MATANDA-MOYO J: This is an application for condonation for
late filing of an application for review. The brief facts are that the
applicant was a student at Midlands State University. Sometime in early
2013 the applicant sent pornographic video to H- Metro involving two students
of the first respondent. As a result the applicant was charged with
contravening s 3.1.4 of the Code of the Rules of student Conduct and Discipline
(Ordinance 2 of 2000) that is, engaging in conduct likely to be harmful to the
interest of the university, members of the university staff on students.
The applicant pleaded guilty to the charge and was sentenced to expulsion from
the university. Such decision was communicated to him on 8 July
2012. The applicant had 8 weeks from that date to file his application
for review, which meant he should have done so by 10 September 2012.
From 8 July 2012 to 30 September 2013 translating to a full year and three
weeks the applicant did not lodge his application for condonation.
The Law
In deciding applications of this nature the following
factors are taken into consideration
1) Length of the delay
2) The reasons for the delay
in noting the application
3) The prospects of success
on the merits should the condonation be granted and
4) The prejudice likely to be
suffered by the respondent should the application succeed.

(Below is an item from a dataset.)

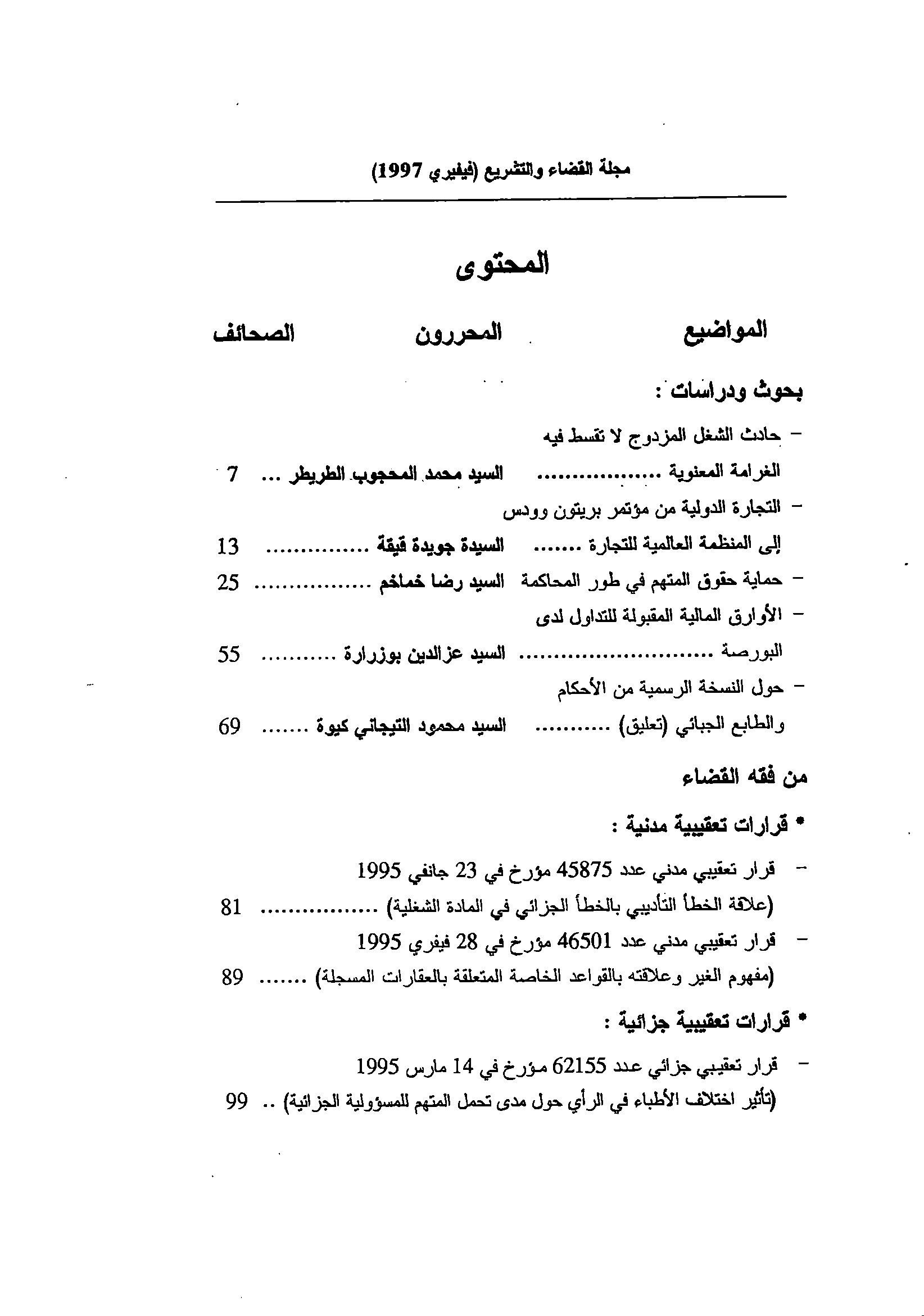 quantité de مجلة القضاء و التشريع فيفري 1997

In as afar as I am concerned the applicant did not proffer
a reasonable explanation for the 1 year 3 weeks delay in lodging this
application, that their initial application for condonation was dismissed for
procedural non-compliance does not hold any water, they ought to have withdrawn
the defective application and immediately proceeded with a new application.
Prospects of success on merits
The applicant has not prospects of succeed at all and the
submissions made on his behalf have not been helpful at all. A bare
assertion is made in para 14.1 of the applicant's affidavit wherein the
applicant merely states that the decision to expel him “was grossly
unreasonable to an extent that no other sober minded tribunal would have
reached the same.”
No reference has been alluded to pertaining to a
misdirection irregularities or malice, bias. In the record of proceedings
hence the applicant's case is bound to crumble down before its inception.

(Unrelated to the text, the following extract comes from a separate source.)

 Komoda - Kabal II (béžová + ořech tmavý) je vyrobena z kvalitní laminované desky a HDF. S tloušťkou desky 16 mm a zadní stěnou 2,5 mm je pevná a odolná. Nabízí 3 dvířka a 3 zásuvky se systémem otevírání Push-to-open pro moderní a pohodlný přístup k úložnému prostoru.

I am inclined to agree with the respondents that what the
applicant is seeking is an appeal ostensibly cauched as a review.

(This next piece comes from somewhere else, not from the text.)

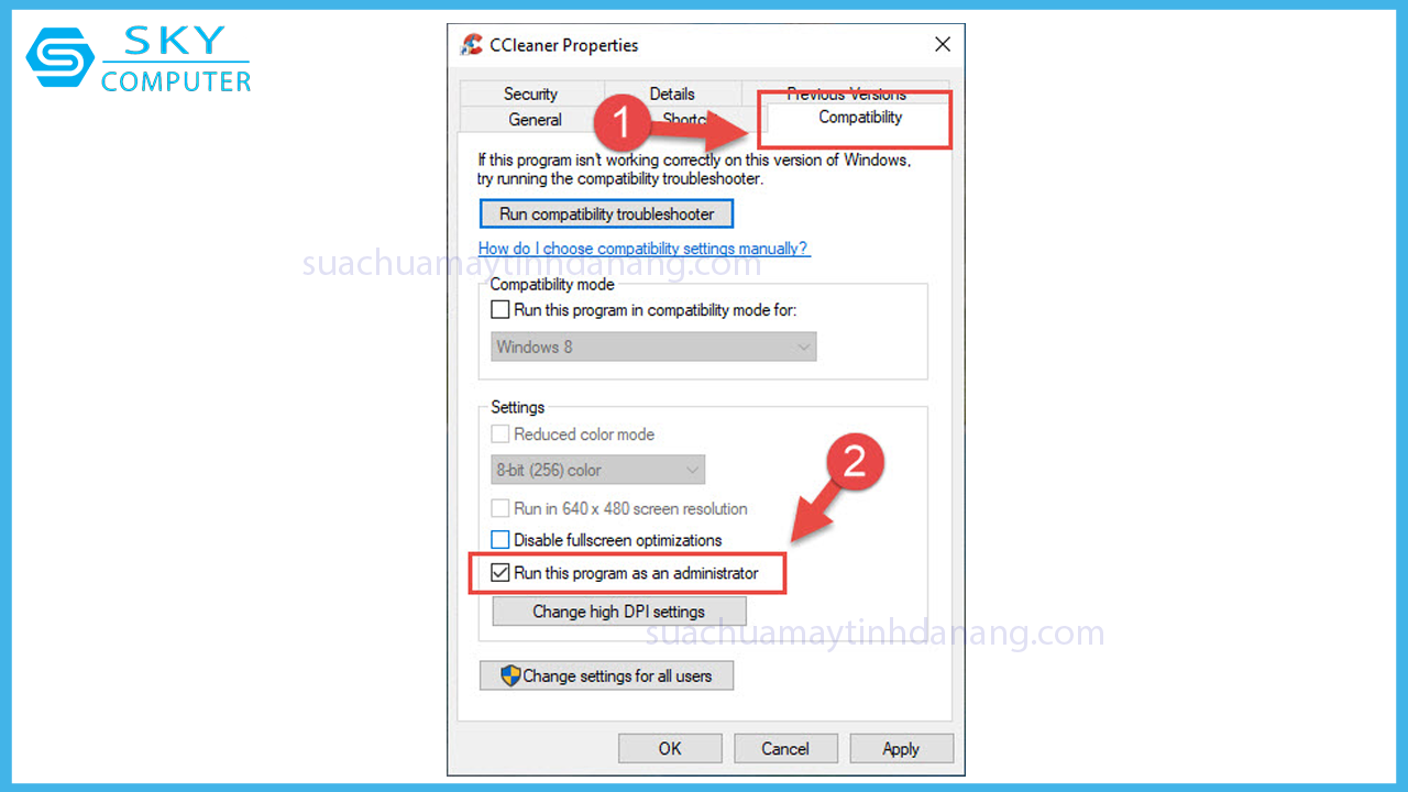 Bước 2: Trên tab Compatibility, tích vào ô trống “ Run this program as an administrator”. Và sau đó, nhấn nút Apply để thực hiện những thay đổi mới.

The prayer asked for by the applicant reads
“a) the decision of the respondents to expel applicant from
first respondent's institution be set aside and substituted with an order
reinstating the applicant back to his studies at first respondent's
institution.”
What is clear from this is that the applicants are
attacking the merits of the decision not the manner in which the decision was
arrived at. See Zhou v Global Motors and Anor SC67/04, Dandazi
v Colliery Co Limited 2001 (2) ZLR 298 H @ 302 A, Kambuta &
Ors v Dunlop Zimbabwe Limited & Anor HB 14/04 and Exparte
Miss 1993 (1) ZLR 233H.
In light of this lack of bearing as to the requisites for
review proceedings I see no reason to proceed with other requirements for an
application for condonation.
The application is accordingly dismissed with costs.